Prefaced with a quote from the
Eumenides
of Aeschylus (“Coming to exact blood-forfeit / We appear to work completeness”), the article imagined Jane Toppan trapped in her “caged room” at Taunton with the

same grim, brooding Fates who sat so long ago in the adytum of Apollo’s temple and chanted their song of vengeance to Queen Clytemnestra’s wretched son. Their presence in the Yankee woman’s chamber strangely reconciles ancient mythology with New England fact.

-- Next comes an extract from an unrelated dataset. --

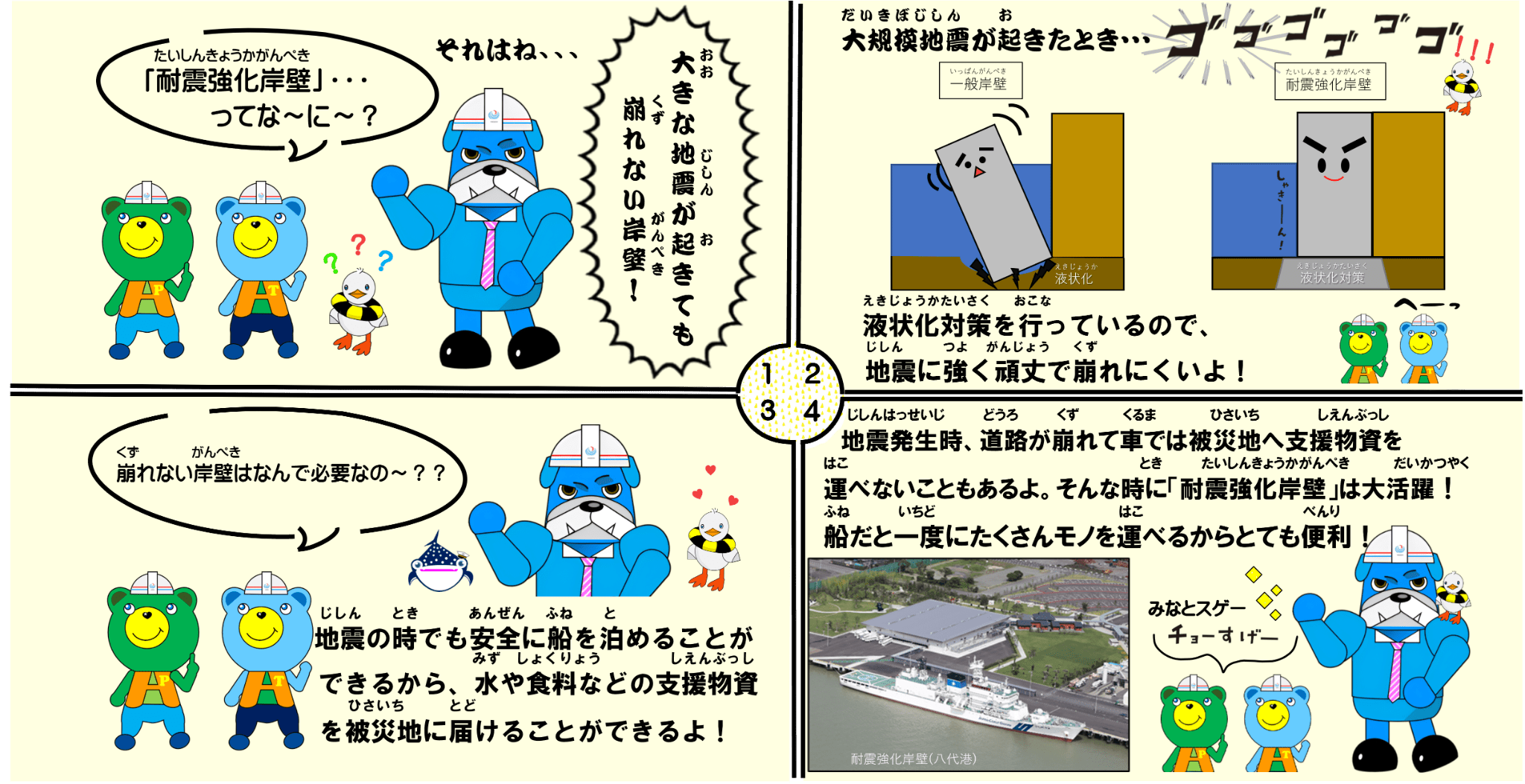 大きな地震が起きたあとでも、港で荷物の積み下ろしや人の乗り降りができるようにするため、地震に強い「耐震強化岸壁」も全国の港で作られています。

To the Massachusetts poisoner, as to the Greek matricide, the terrible sisters have appeared to exact blood forfeit at compound interest and to work superb completeness in a fate woeful and inexorable beyond human power to conceive.

Whether portraying Jane’s desperate fate in terms of natural law, Old Testament retribution, or Greek mythology, however, every article dealing with the
subject agreed on one thing: the infamous poisoner wasn’t long for the world.

“Jane Toppan is today a wreck, so weak and emaciated that death is apparently not far distant,” wrote the
Boston Advertiser
in September 1904.

“Her condition is such that it is not expected she will live very long,” the
Globe
reported a few weeks later.

The
Post
offered the most unequivocal pronouncement of all. “She won’t trouble the hospital officials or herself much longer,” the paper flatly declared in its October 23 edition. “Her human destiny is nearly all in. Jane Toppan is going to die.”